→ Exercise brief
Leaving out all pictures, return exactly the lines from the one that contains "Varat mainīt ekrānā" through the end of the data below.

[Records from a collection]
--- START ---
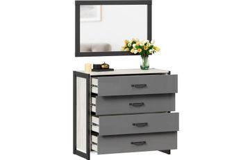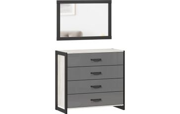 Закажите Алмаз. Любимый дом Техно Комод с 4 ящиками с зеркалом (Дуб Крафт белый Серый шифер) у компании NON STOP Мебель в Санкт-Петербурге на портале Alloy:
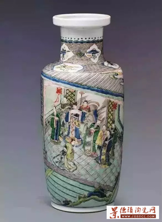 因形似長(zhǎng)圓形燈籠而得名。流行于清雍正、乾隆時(shí)期,造型為直口,短頸,豐肩,筒腹,圈足。
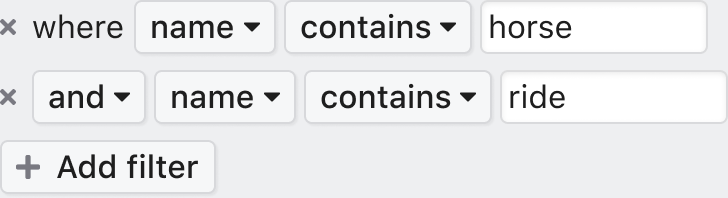 The default filter value is empty. The filtering condition is set to “contains” due to the field type.
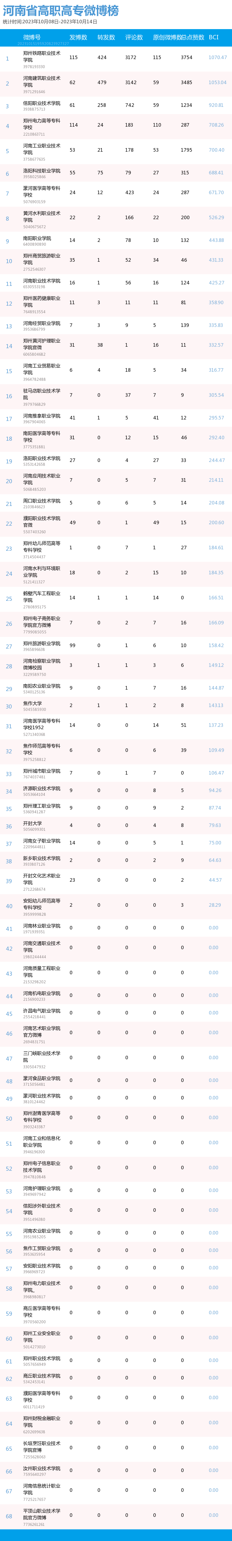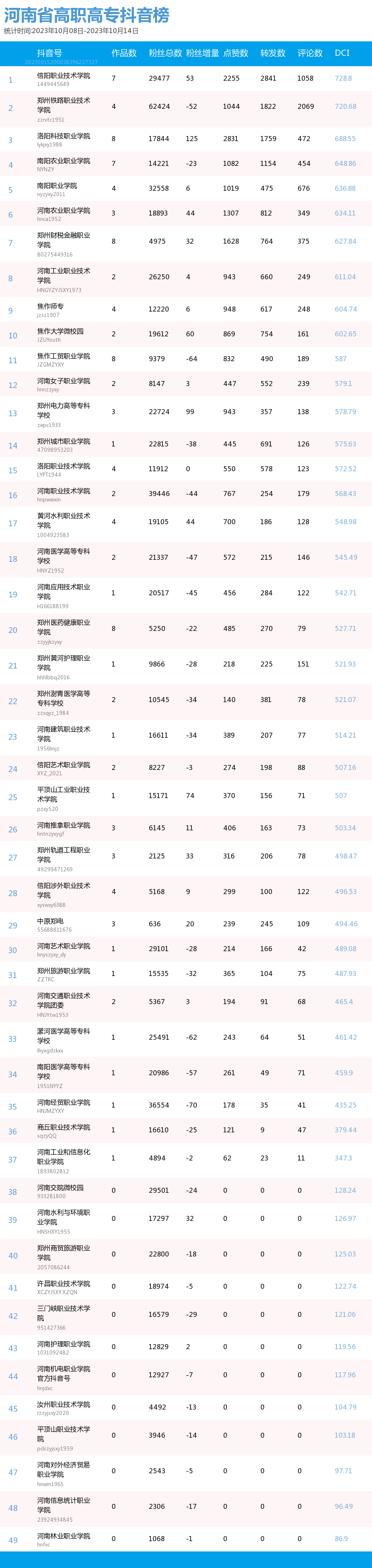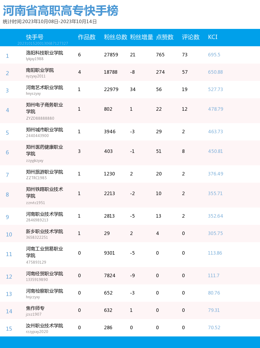 新媒 |(10.08-10.14)河南省高职高专院校综合传播力TOP10(附总榜)教育 | 新媒体 | 舆情 河南省教育新媒体暨舆情研究中心 河南省教育新媒体暨舆情研究中心采用第三方平台(清博指数)监测到的数据,按类别对10月8日—10月14日河南省高职高专院校的微信、微博、抖音、快手综合传播力进行排名并整理发布。 河南省高职高专院校官方微信WCI ![]() 本周河南省高职高专院校官方微信 TOP10 ![]() 本周河南省高职高专院校官方微信热文 TOP10 本周高职高专微信榜数据较上周整体数据而言有明显上升。其中,位列榜首的郑州铁路职业技术学院的WCI指数为834.22。信阳职业技术学院和洛阳职业技术学院分别以790.73和761.12的WCI指数位列榜单第二与第三。在数据变化方面,河南工业职业技术学院WCI指数排名有较大提高,数据位于第一,值得表扬。希望各高校能多总结、多反思,扬长避短,不断进步,创作出更多内容和热度兼具的优秀文章。 热文方面,本周热度最高的文章是河南工业职业技术学院的《河南工业职业技术学院50周年校庆公告(第二号)》。标题开门见山,直接点明了文章的公告性质。文章以图片为主体,随着图片的展示,读者们也逐渐了解了校庆活动的过程,亲切地欢迎所有校友返校参加校庆。 郑州铁路职业技术学院的《上热搜了?!》一文用简短但贴切的标题吸引了同学们的注意。推文主要介绍了郑州铁路职业技术学院在双节期间,发生的热点事件,包括假期内铁院学子游览的大好河山,家乡的特色美食,同时也借此机会介绍了铁院的文化和美景,展示了铁院学子学习和运动的形象。文章通俗易懂,贴近学子生活,在亲近同学的同时也介绍了学校和学生生活面貌。 濮阳石油化工职业技术学院的《燃起来了|濮阳石油化工职业技术学院搬迁新校区站在新起点奋进新征程誓师大会暨2023年秋季入学典礼举行》是一篇通告。主要介绍了这次大会的主要内容,总结了学校领导在大会上的讲话内容,还有各个学生代表的讲话内容。总体内容偏向于总结,展示了学校的新学期新气象。 正值中秋国庆双节长假结束,各高校的推文主题多围绕返校问题展开。由于该主题自带的热度,文章获得了大批读者关注,也取得了不错的阅读成绩。总体而言,许多高校的文章较上周相比都取得了一定的进步,值得肯定。但也有少部分高校内容创作不够积极,没有抓住同学们关心的热点,导致公众号运营效果不理想。希望各高校能够吸取之前的经验教训,多总结、多思考,进行更多更优质的创作探索,精准定位符合各类读者的需求,找寻自身院校特色风格,创作更有意义、更具有传播力的作品。 河南省高职高专院校官方微博BCI ![]() 本周河南省高职高专院校官方微博BCI TOP10 河南省高职高专院校官方抖音DCI ![]() 本周河南省高职高专院校官方抖音DCI TOP10 河南省高职高专院校官方快手KCI ![]() 本周河南省高职高专院校官方快手KCI TOP10 附总榜: ![]() 本周河南省高职高专院校官方微信WCI 总榜 ![]() 本周河南省高职高专院校官方微博BCI 总榜 ![]() 本周河南省高职高专院校官方抖音DCI 总榜 ![]() 本周河南省高职高专院校官方快手KCI 总榜 璀 萱 | 统筹 虞梦轩 | 作者 白雨柔 | 校对 “豫教舆媒”是河南省教育新媒体暨舆情研究中心官方公众号,围绕教育领域开展新媒体传播研究、热点舆情深度分析,提供年度新媒体白皮书、年度舆情总结报告、新媒体排行榜等,开展地方单位培训交流、新媒体学生作品大赛等活动,致力于提供专业学习平台、服务社会发展进步,期待“豫”见您!
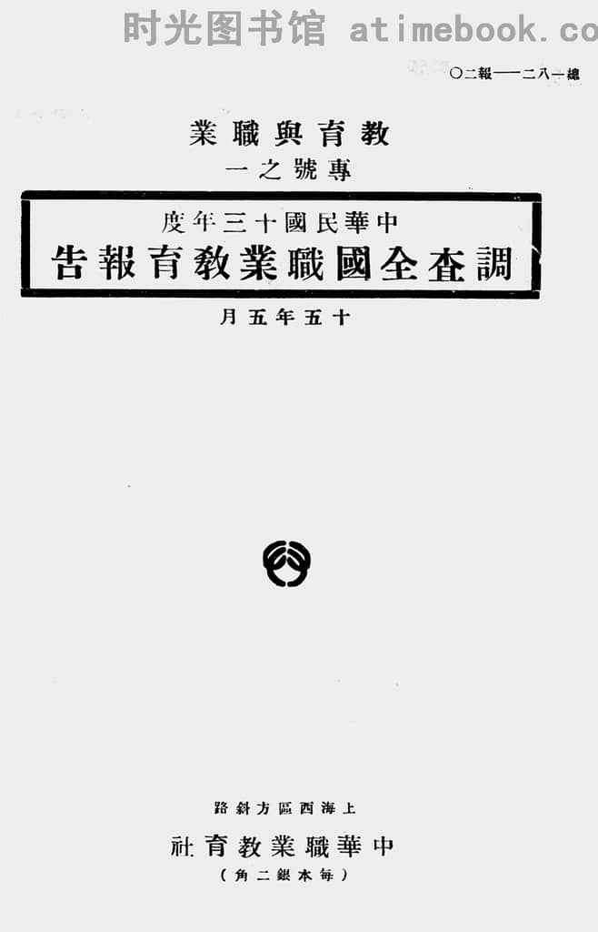 | 网盘路径:/时光图书馆珍藏系列/书籍文件/老图书/《中华民国十三年度调查全国职业教育报告:教育与职业专号之一》电子版合集.db | ||
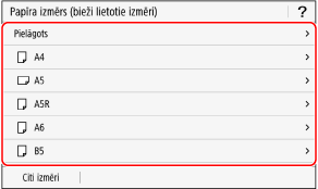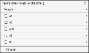 Varat mainīt ekrānā parādīto papīra formātu 1. darbības laikā. Neizmantoto papīra formātu paslēpšana
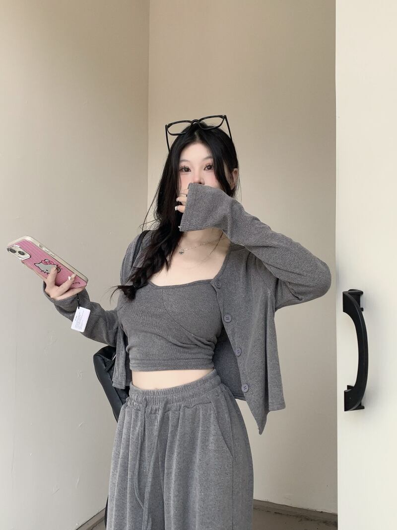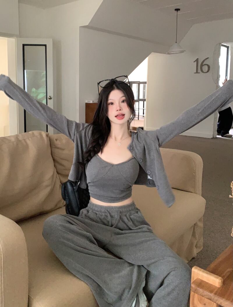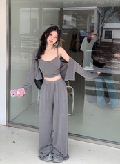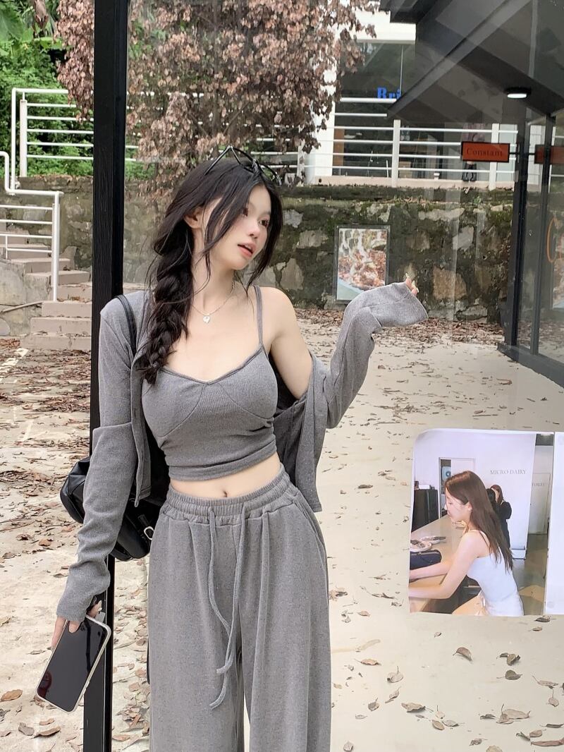 ホットガールスーツ秋長袖カーディガンキャミソールワイド脚パンツ 3 点セット服 ロング オータム 秋物 ワイドレッグ ワイドパンツ
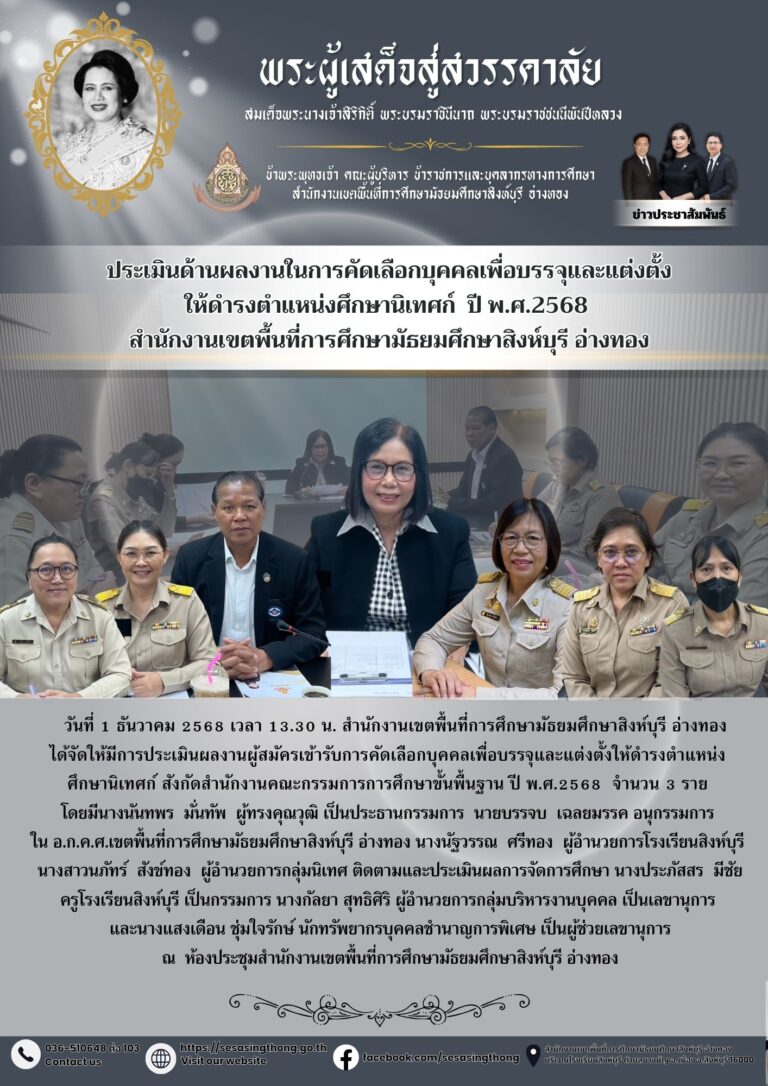 ประเมินผลงานผู้สมัครเข้ารับการคัดเลือกบุคคลเพื่อบรรจุและแต่งตั้งให้ดํารงตําแหน่งศึกษานิเทศก์1 ธันวาคม 2025โดยประชาสัมพันธ์วันที่1 ธันวาคม 2025Read more→
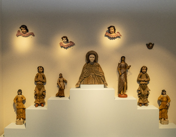 - Увидят редкие и уникальные экспонаты: полихромную скульптуру Николая Можайского – самую раннюю в коллекции, которую специалисты датируют XVII в., монументальное распятие с предстоящими, которое может быть отнесено к середине XVIII в., прекрасные фрагменты иконостасов в виде херувимов, ангелов, апостолов, происходящие из Алексеевского женского монастыря в Арзамасе.
--- END ---
→ Solution to this exercise
 Varat mainīt ekrānā parādīto papīra formātu 1. darbības laikā. Neizmantoto papīra formātu paslēpšana
 ホットガールスーツ秋長袖カーディガンキャミソールワイド脚パンツ 3 点セット服 ロング オータム 秋物 ワイドレッグ ワイドパンツ
 ประเมินผลงานผู้สมัครเข้ารับการคัดเลือกบุคคลเพื่อบรรจุและแต่งตั้งให้ดํารงตําแหน่งศึกษานิเทศก์1 ธันวาคม 2025โดยประชาสัมพันธ์วันที่1 ธันวาคม 2025Read more→
 - Увидят редкие и уникальные экспонаты: полихромную скульптуру Николая Можайского – самую раннюю в коллекции, которую специалисты датируют XVII в., монументальное распятие с предстоящими, которое может быть отнесено к середине XVIII в., прекрасные фрагменты иконостасов в виде херувимов, ангелов, апостолов, происходящие из Алексеевского женского монастыря в Арзамасе.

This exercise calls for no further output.